In a recent interview with Dawn newspaper, Khan lamented that “this is not Europe, you cannot just tell people what you stand for and they will vote for you”. This is a lesson he appears to have learned from the election of 2013, when he worked himself into the ground – eventually falling off stage and being hospitalised.

People watch a 2013 television interview with Imran Khan in intensive care after he sustained an injury falling.
People watch a 2013 television interview with Imran Khan in intensive care after he sustained an injury falling. Photograph: Daniel Berehulak/Getty Images

Since then, his campaign has evolved from promises of a “New Pakistan” – better schools, better hospitals, an end to pilfering from the state – into something more traditional. Around one third of his party’s candidates are recently recruited “electables”, long-in-the-tooth politicians who bring with them vote banks and, often, corruption scandals. These characters, many believe, will help the PTI crack the crucial province of Punjab, which returns more than half the 272 directly elected seats in the National Assembly.

But former allies told the Guardian that many believe that the party has shifted away from its anti-corruption platform. “There are cuckoos in the PTI nest,” Brigadier Samson Sharif, the party’s ex-shadow defence secretary, said. Khan “now has so many albatrosses hanging around his neck … he is a pied piper leading the people nowhere”.

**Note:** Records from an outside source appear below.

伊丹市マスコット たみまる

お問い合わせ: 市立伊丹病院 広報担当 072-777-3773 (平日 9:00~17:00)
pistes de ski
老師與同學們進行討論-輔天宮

Born in Lahore in 1952, the Oxford-educated cricketer has also undergone what appears to be significant a personal transformation. While he used to party with Mick Jagger, today he defends Pakistan’s strict blasphemy laws and criticises “Westoxified” Pakistani liberals.

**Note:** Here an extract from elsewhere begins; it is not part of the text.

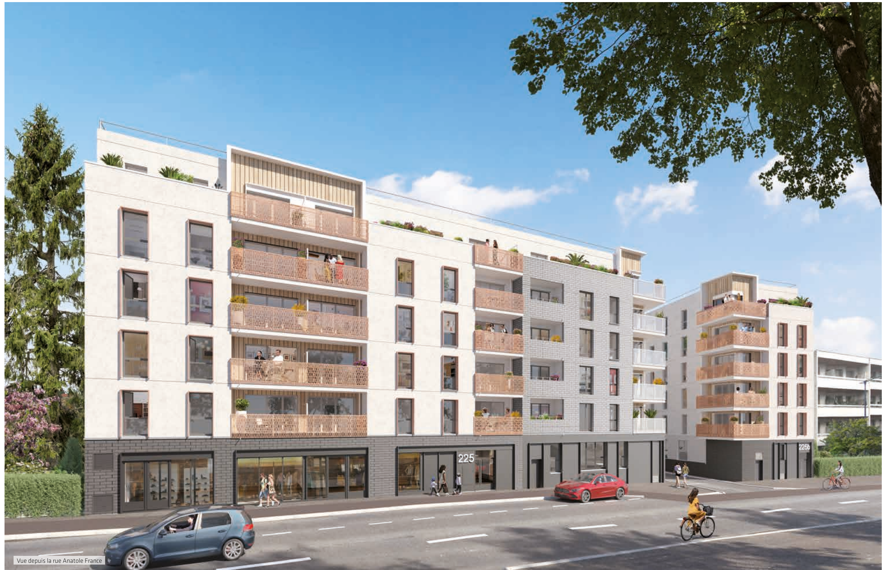
Vue depuis la rue Anatole France

Revêtue sur toute la hauteur de parement brique, la partie centrale de la résidence contribue aussi à rythmer le volume. Elle dialogue par contraste avec le rez-de-chaussée ponctué d'un parement de briques d'un gris plus soutenu, et accueillant 2 commerces.

In 2017, the provincial government his party has run for the past five years in the northern province of Khyber Pakhtunkhwa granted $3m to the Haqqania madrassa, a fount of Taliban fighters, drawing sighs of “Taliban Khan” from the coffee shops frequented by Islamabad’s liberals. Others note the arc of his marriages: first came Jemima Khan, a glamorous British heiress. Earlier this year Khan secretly wed his spiritual adviser, Bushra Maneka.

Still, the spectre of an electorally poisonous playboy past was revived with the publication this month of a kiss-and-tell memoir by his second wife, Reham Khan, a former news anchor, PDF copies of which were shared far and wide on Pakistani WhatsApp. She alleges he used “six grams” of cocaine a night, has several love-children and sexts women in his party. “She is just a porn star,” says supporter Zulfikar Ali Khan, repeating the argument of PTI insiders that the book’s publication was co-ordinated with the PML-N.

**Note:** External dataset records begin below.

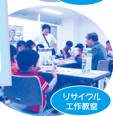
リサイクル 工作教室
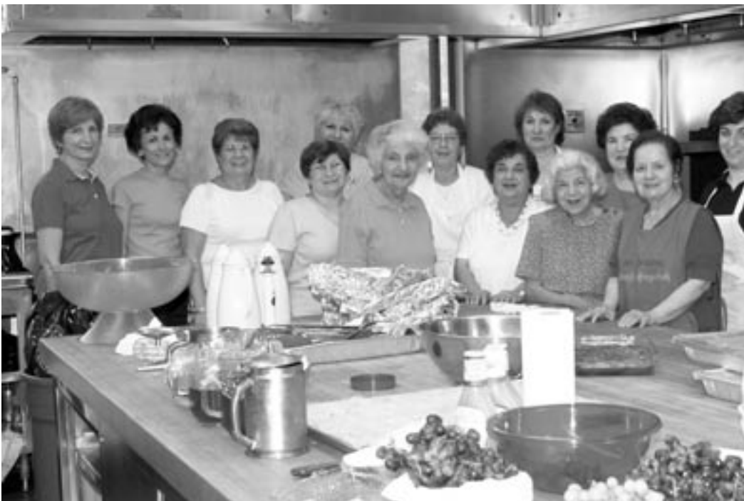
Some of the members of the Philadelphia Ladies' Guild who prepared meals for the delegates and guests.

The 2004 NRA officially ended with the benediction and the singing of Giligia. ✕
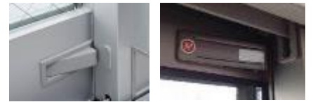
住宅等の防犯部品
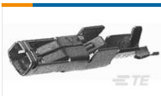
TE 产品编号142316-1 MIC RECEPTACLE VRAC
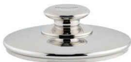
Lokk Ø 20 cm

If the book was a ploy, it seems unlikely to pay off. According to Credit Suisse, the PTI stands a 75% chance of forming a coalition government under Khan. Some supporters even celebrate the army’s alleged tilting of the field as proof that the institution is doing its job. “If they are involved, they are in favour of Pakistan,” says Umair Iqbal, 25. “Even if you put down a vote for PML-N,” adds Shehzar, 19, “it will go to PTI. The PML-N has no chance of forming a government as it has no supporting hands.” In reference to the army, he said: “They know how to bowl you out.”

That appears a blessing to Khan for now. But with a looming economic crisis, political instability and an assertive military establishment to handle, Pakistan’s probable next “Captain” will have to zealously guard his own stumps.